● TASK OBJECTIVE:
Exact copy, pictures excluded: print the lines from the one with "Вертикальная ось данной" through the final line of the records.

● SOURCE INFORMATION:
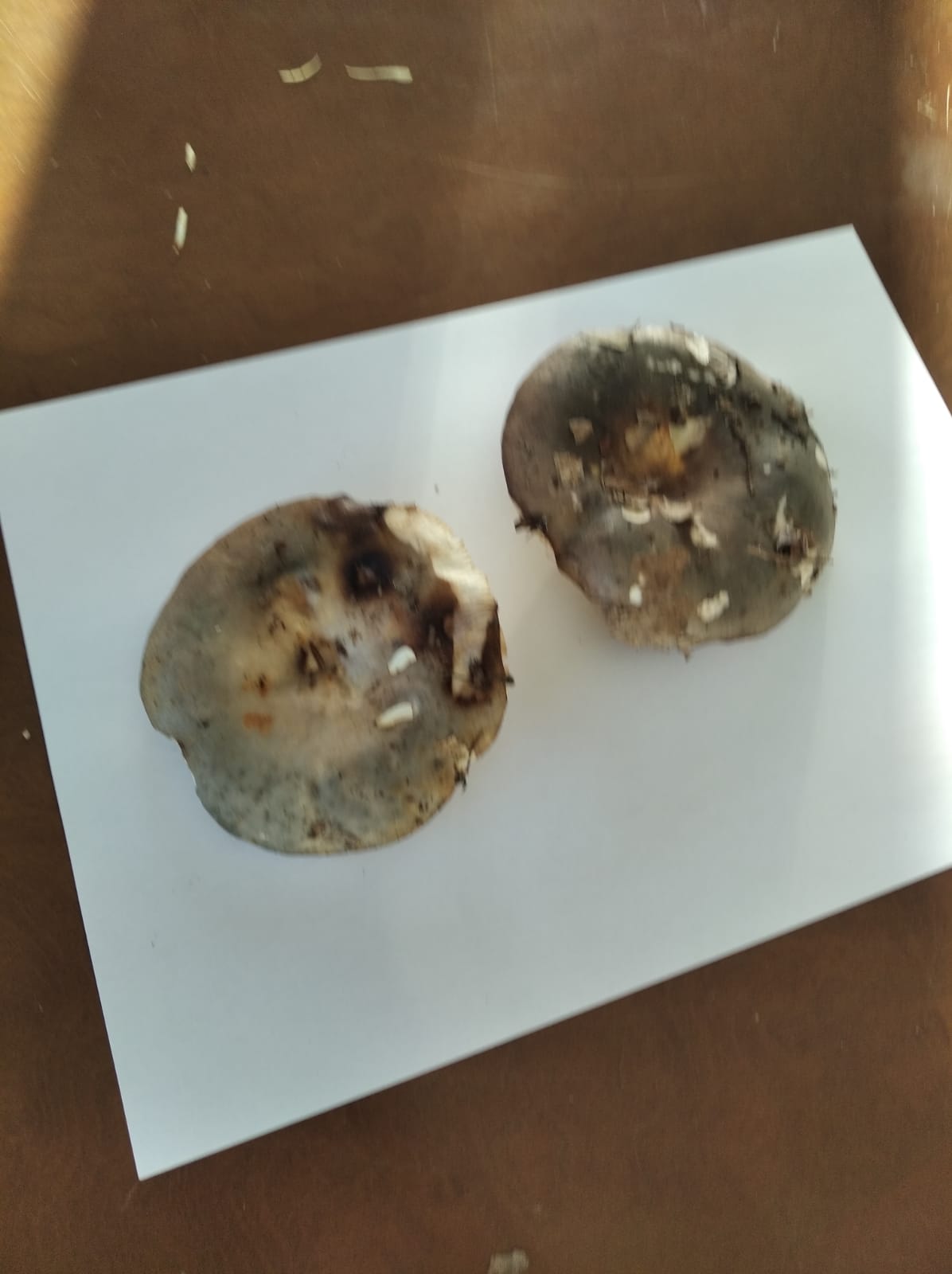 1. No tienen anillo, y son de un color gris pardo (No son viscosas) Además, la esporada es de color crema-caramelo. Mencionar que huelen bien y la carne es esponjosa.
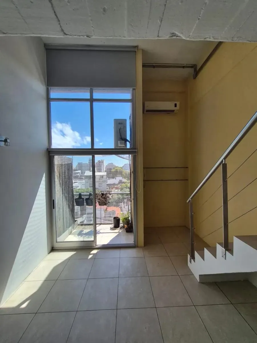 Apartamento de 2 ambientes com 46 m² cobertos e 48 m² totais, no 4º andar de um prédio com 4 pisos, de fundos (contrafrente), com orientação norte. Tem 1 dormitório e 1 banheiro, varanda, ar-condicionado e laundry no edifício. O prédio conta com piscina.
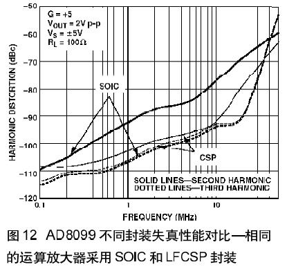 這種引腳排列還有一個好處就是降低了二次諧波失真。傳統(tǒng)運算放大器的引腳配置中引起二次諧波失真的一個原因是同相輸入和負(fù)電源引腳之間的耦合作用。LFCSP封裝的低失真引腳排列消除了這種耦合所以極大地降低了二次諧波失真;在有些情況下多可降低14 dB。圖12示出了AD80992 采用SOIC封裝和LFCSP封裝失真性能的差別。
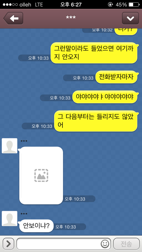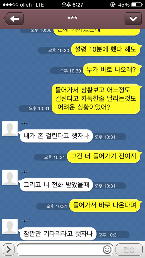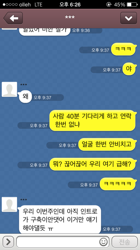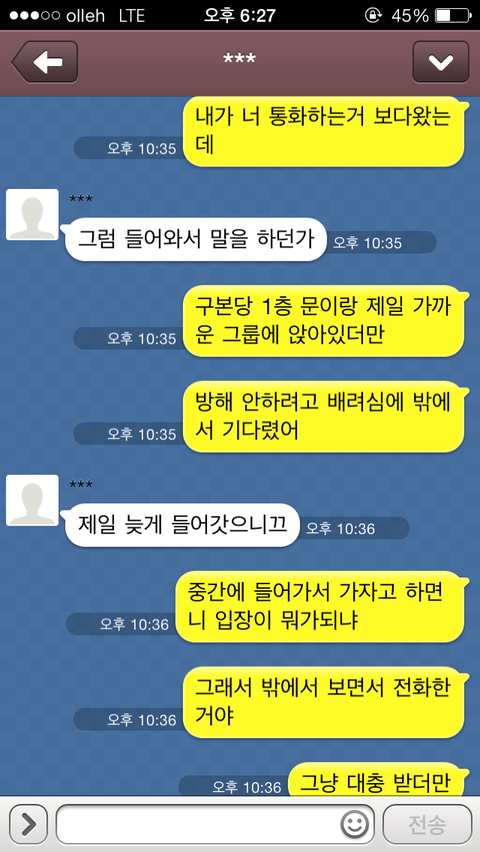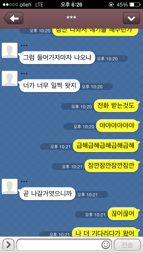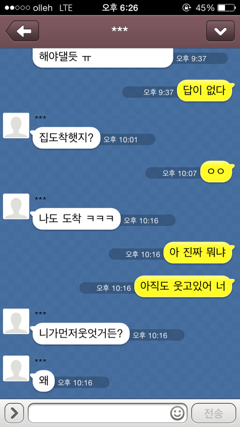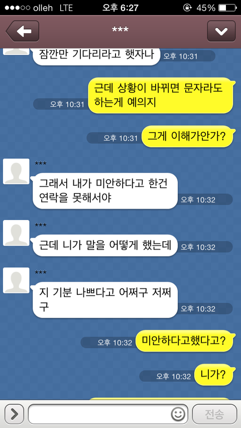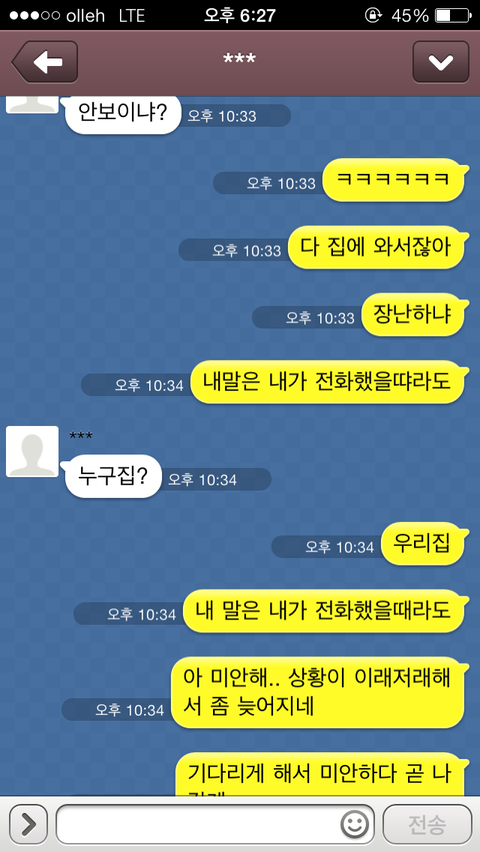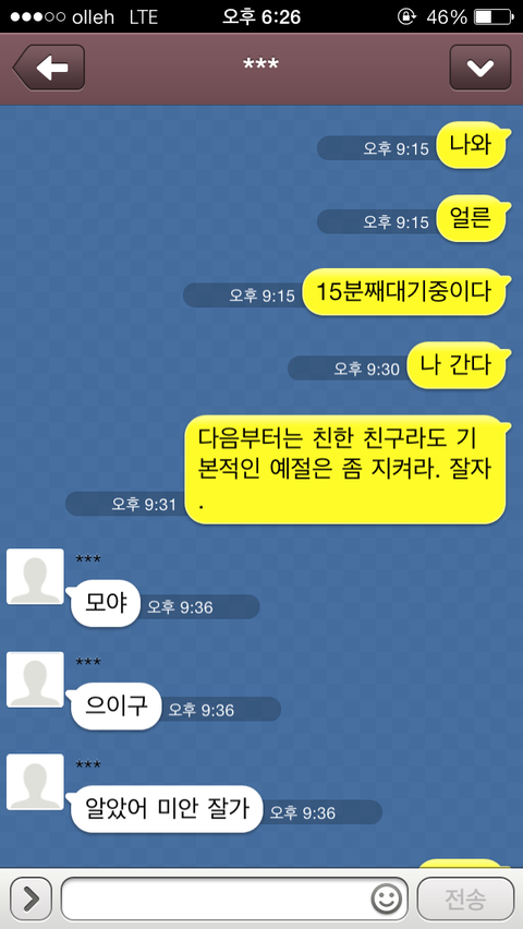 간다고 카톡을 하니 그제서야 "모야, 알았어 미안 잘가" 이렇게 카톡이 오더군요.
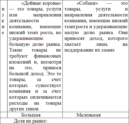 Вертикальная ось данной матрицы – это темпы роста рынка, горизонтальная – доля рынка. Четыре поля – это четыре типа продукции.
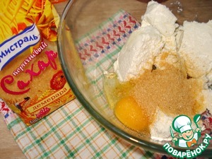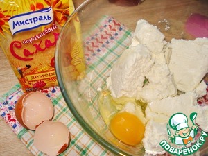 Конечно у бабы Нюры, рецепта не было все бралось " на глазок". В творог добавляем яйцо.
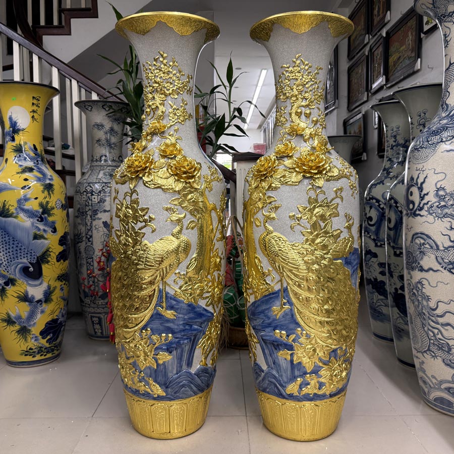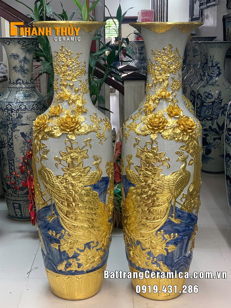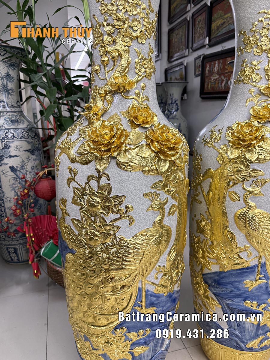 Lộc bình dát vàng cao cấp Công Đào 1m4 là dòng lộc bình đắp nổi của Bát Tràng. Đôi lọ lục bình sứ này được đắp nổi thủ công vô cùng tinh sảo, bố cục đẹp nhấn nháy như 1 tác phẩm điêu khắc hoàn chỉnh. Đặc biệt những chi tiết chính trên thân bình được dát vàng, tạo thêm sự sang trọng đẳng cấp cho gia chủ.

● SOLUTION TO THE PROBLEM:
 Вертикальная ось данной матрицы – это темпы роста рынка, горизонтальная – доля рынка. Четыре поля – это четыре типа продукции.
 Конечно у бабы Нюры, рецепта не было все бралось " на глазок". В творог добавляем яйцо.
 Lộc bình dát vàng cao cấp Công Đào 1m4 là dòng lộc bình đắp nổi của Bát Tràng. Đôi lọ lục bình sứ này được đắp nổi thủ công vô cùng tinh sảo, bố cục đẹp nhấn nháy như 1 tác phẩm điêu khắc hoàn chỉnh. Đặc biệt những chi tiết chính trên thân bình được dát vàng, tạo thêm sự sang trọng đẳng cấp cho gia chủ.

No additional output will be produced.